Я этих исповедников без счета
Наслушался… К учителю ступай, —
Кто ж лучше, чем он сам, тебе расскажет,
Как все произошло… Ступай!
Х у д о ж н и к
Но мне
Необходимо знать: когда ты предал,
Ты веровал еще в его ученье?
И у д а
Ты мне мое предательство не тычь!
Петр от учителя отрекся трижды,
А все святой — святой, а не предатель.
Х у д о ж н и к
Он сомневался, вот и отходил,
Но возвращался с возвращеньем веры.
И у д а
По-твоему, сомненье — не измена,
А возвращался он не лицемерно?
Измены гаже, трижды отступясь,
Вернуться вновь с надеждою на святость!
Х у д о ж н и к
Но ты хотел изменой доказать
Бессилие учителя. Ты думал —
Вот он умрет, и с ним его ученье.
И ты убил…
И у д а
Нет, я не убивал!..
Х у д о ж н и к
…И полагал, что с тем всему конец,
А вышло, что ты дал всему начало.
Он только после смерти начал жить,
Смерть возвеличила его навеки.
Так ты, убив, вознес его над миром.
Да он и над самим собой вознесся,
Лишь умерев, распятый на кресте.
Ты для него своей изменой сделал
То, что он сам не мог бы совершить…
И у д а
Молчи. Все это ложь!
Х у д о ж н и к
…А сам остался
С бесплодным этим полем, на котором
Что ни посей, все зря… А ну признайся:
Собрал ты здесь один хоть урожай?
И у д а
Отстань. Ты ж видишь сам — меня надули,
Мне продали заклятый клин земли.
Х у д о ж н и к
Заклятый клин? Ты сам его заклял
Своей изменой. Сам…
Он уже знал, как ему передать по-своему ее мысли.

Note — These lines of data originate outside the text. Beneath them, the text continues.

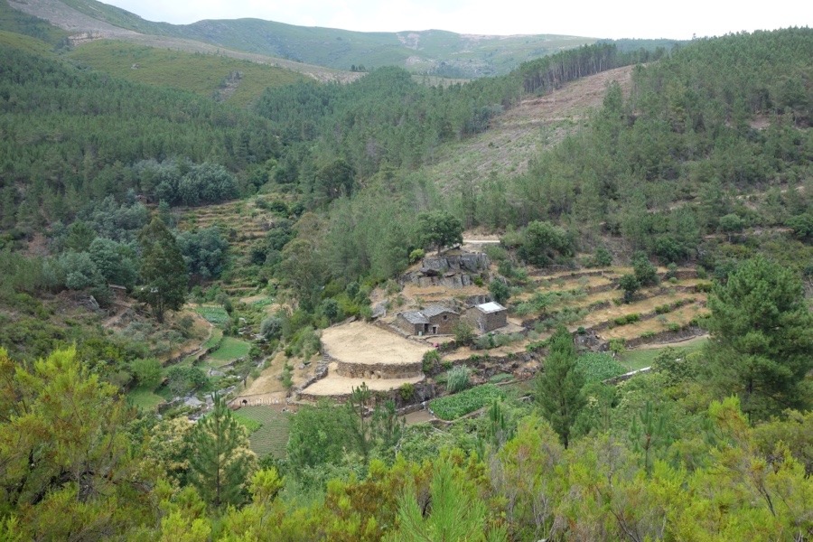 Ainda cá de cima no miradouro, dirigimos por fim o nosso olhar para a direita e damos com uma vista enorme de um vale verdejante, e já não o selvagem conjunto quartzítico das paredes do Ceira.
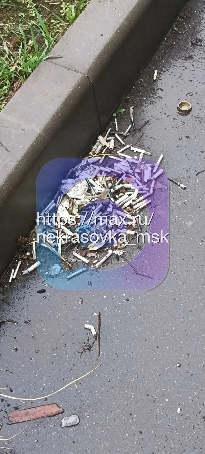 Везде такие кучи , ещё и на траву. Сейчас чуть на голову окурок горящий не прилетел. Прям передо мной упал.
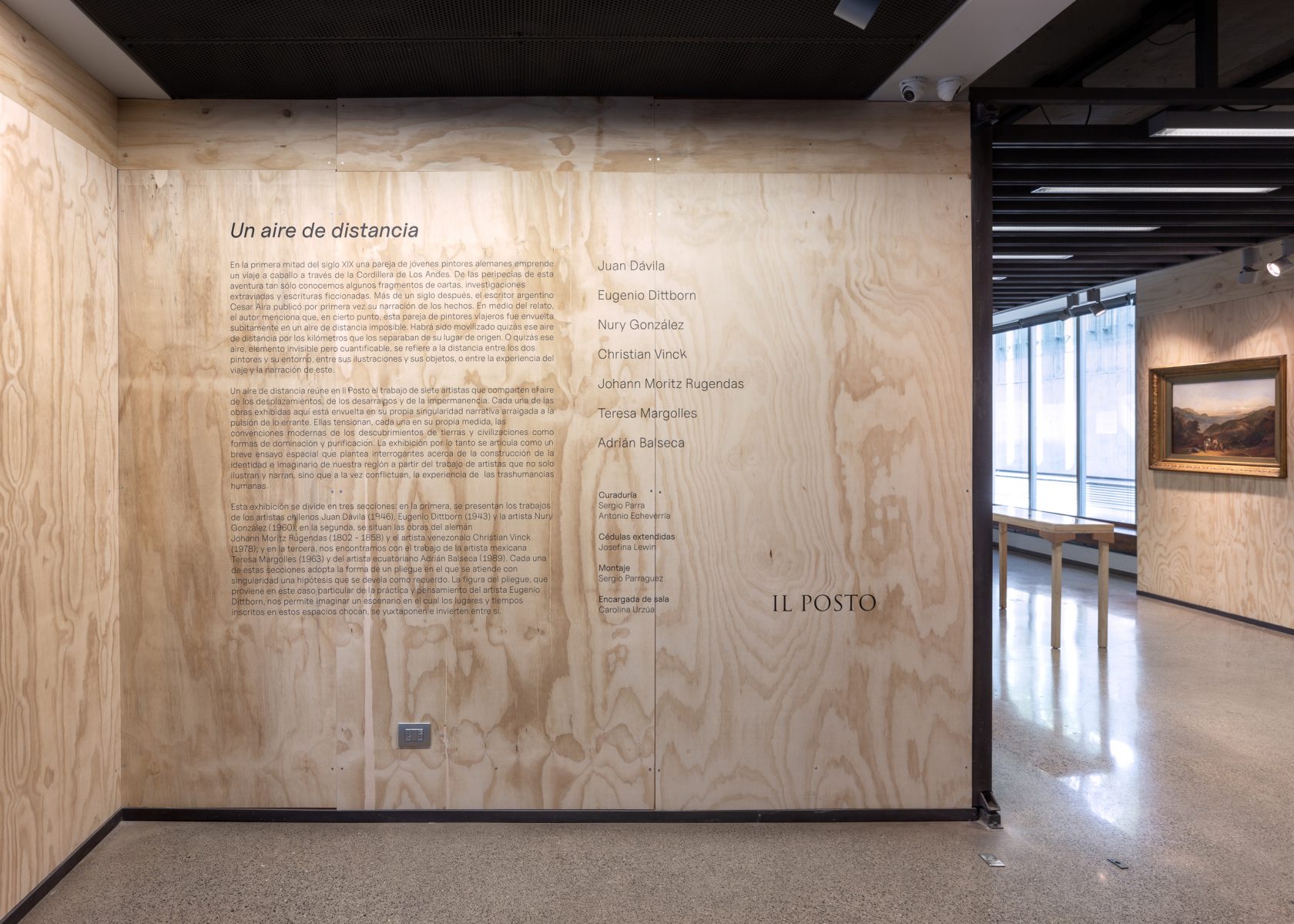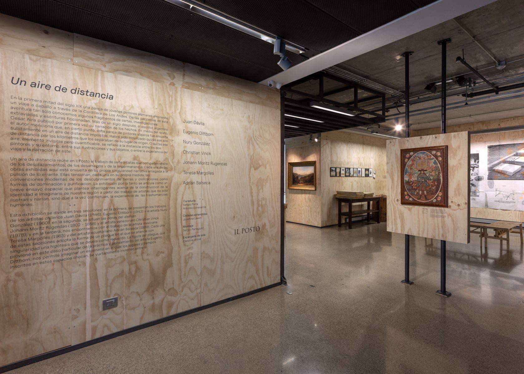 Un aire de distancia reúne en Il Posto el trabajo de siete artistas que comparten el aire de los desplazamientos, de los desarraigos y de la impermanencia. Cada una de las obras exhibidas aquí está envuelta en su propia singularidad narrativa arraigada a la pulsión de lo errante. Ellas tensionan, cada una en su propia medida, las convenciones modernas de los descubrimientos de tierras y civilizaciones como formas de dominación y purificación. La exhibición por lo tanto se articula como un breve ensayo espacial que plantea interrogantes acerca de la construcción de la identidad e imaginario de nuestra región a partir del trabajo de artistas que no sólo ilustran y narran, sino que a la vez conflictúan, la experiencia de  las trashumancias humanas.
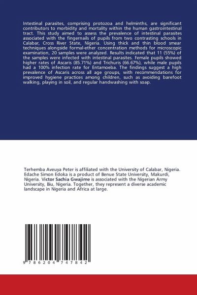 Intestinal parasites, comprising protozoa and helminths, are significant contributors to morbidity and mortality within the human gastrointestinal tract. This study aimed to assess the prevalence of intestinal parasites associated with the fingernails of pupils from two contrasting schools in Calabar, Cross River State, Nigeria. Using thick and thin blood smear techniques alongside formal-ether concentration methods for microscopic examination, 20 samples were analyzed. Results indicated that 11 (55%) of the samples were infected with intestinal parasites. Female pupils showed higher rates of Ascaris (85.71%) and Trichuris (66.67%), while male pupils had a 100% infection rate for Entamoeba. The findings suggest a high prevalence of Ascaris across all age groups, with recommendations for improved hygiene practices among children, such as avoiding barefoot walking, playing in soil, and regular handwashing with soap.

В воображении рисовался эскиз: заклятое поле Иуды без единого колоска, и лицо Иуды, такое же безнадежно черное и бесплодное, лишенное надежд и веры, клейменное лицо предателя; пусть ничтожно учение, в которое он сперва уверовал, пусть слова учителя оказались не зерном, а половой, — не предательством надо доказывать свою правду, не предательством утверждается истина…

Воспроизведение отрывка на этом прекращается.